- _Task prompt_
Once the line holding "Our GreaseTrooper® Gravity" is found, output it and all remaining lines of the data exactly, with every picture left out.

- _Supplied information_

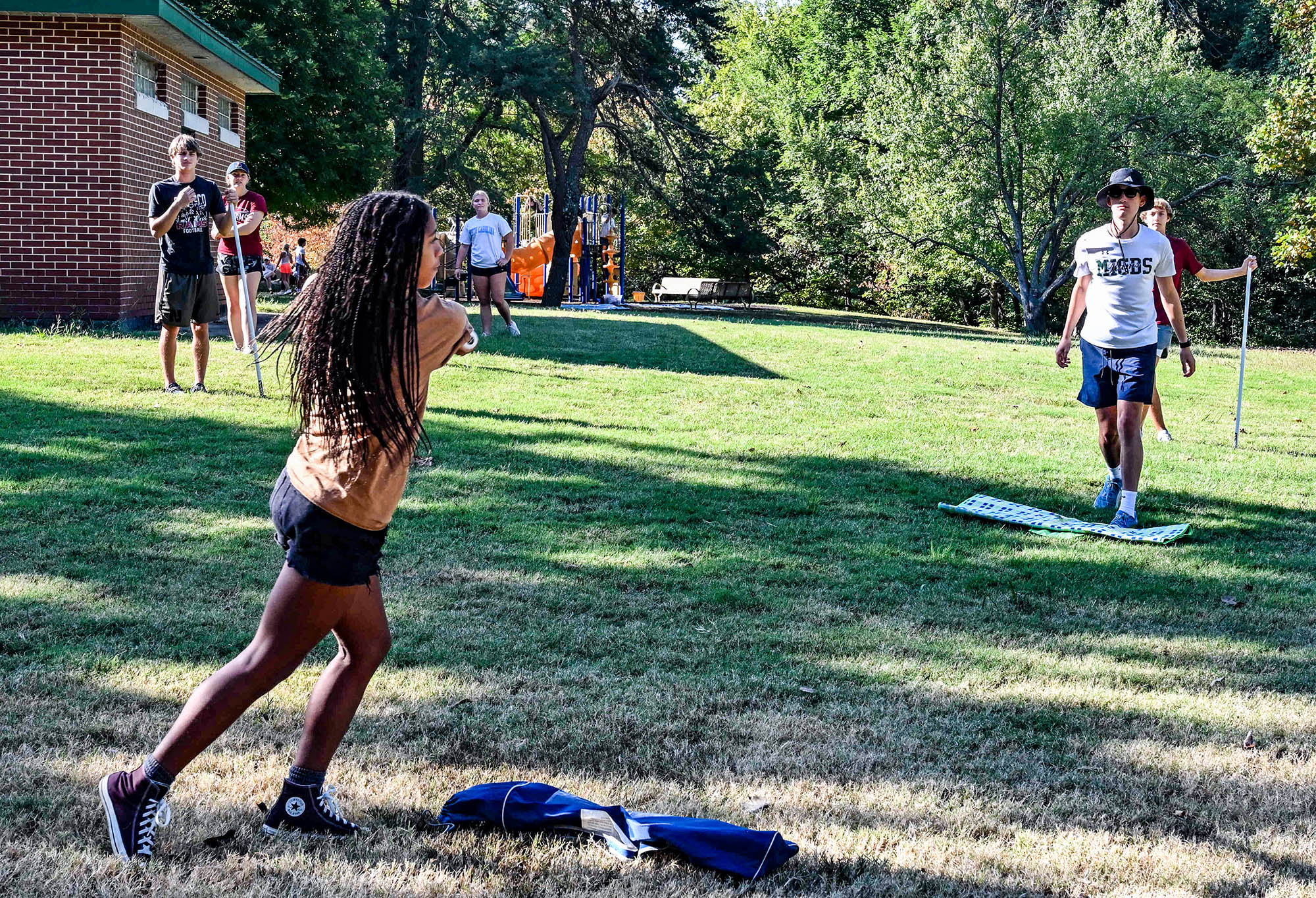 The class was divided into 10 cohorts for that day, each with two student leaders. The student leaders were responsible for guiding their group from one activity station to the next on time, transporting the small supply bag for their group from one event to the next, and taking attendance for their group at each event. In addition, they served as a positive force, encouraging their group members and cheering them on as they worked to overcome challenges.
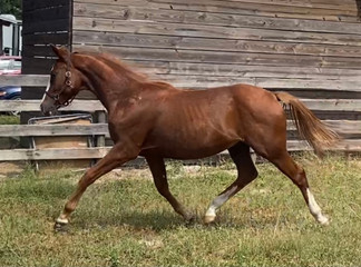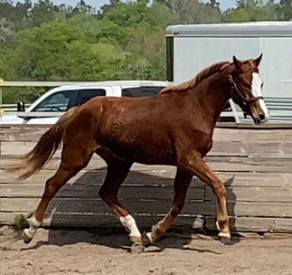 Very well developed young gelding. Big, lofty trot, balanced, uphill canter and a very nice type. Charming disposition and brave! Will mature to 16.3 hh+.
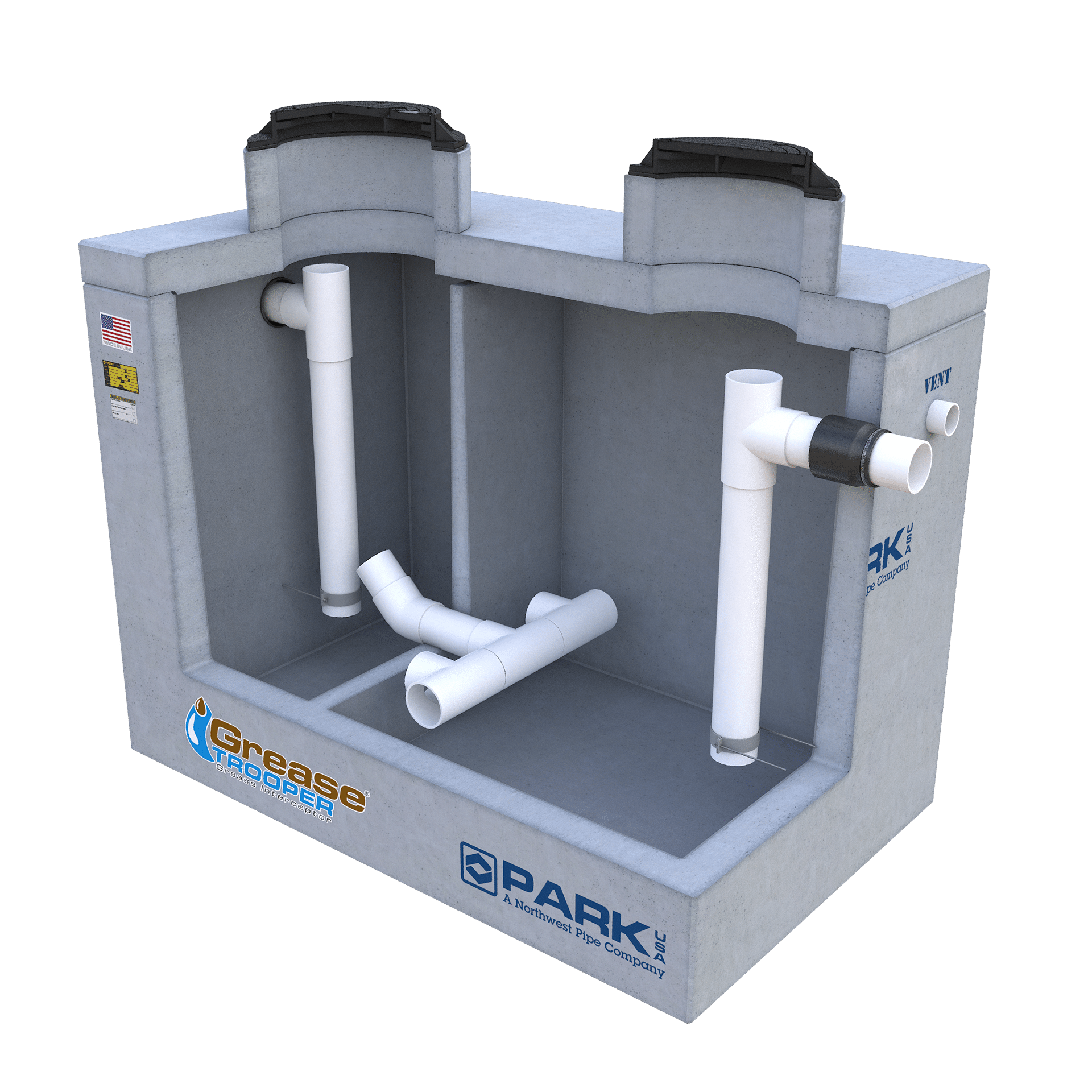 Our GreaseTrooper® Gravity Grease Interceptors feature monolithic baffles and resilient pipe connections, ensuring watertightness and preventing FOG (fats, oils, and greases) from disrupting wastewater treatment operations.
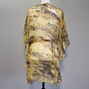 Sunflower brand women's sheer kaftan cover-up in a flowy boho style. Features a lightweight, semi-sheer yellow and brown abstract print, wide sleeves, scoop neckline, and adjustable drawstring waist. Perfect as a swimsuit cover-up, resort wear, or layered festival piece. New with tags. Small flaw noted near the front shoulder (see last photo)—still very wearable and priced to reflect. Tagged "Free Size" with a relaxed, oversized fit.

- _Task solution_
 Our GreaseTrooper® Gravity Grease Interceptors feature monolithic baffles and resilient pipe connections, ensuring watertightness and preventing FOG (fats, oils, and greases) from disrupting wastewater treatment operations.
 Sunflower brand women's sheer kaftan cover-up in a flowy boho style. Features a lightweight, semi-sheer yellow and brown abstract print, wide sleeves, scoop neckline, and adjustable drawstring waist. Perfect as a swimsuit cover-up, resort wear, or layered festival piece. New with tags. Small flaw noted near the front shoulder (see last photo)—still very wearable and priced to reflect. Tagged "Free Size" with a relaxed, oversized fit.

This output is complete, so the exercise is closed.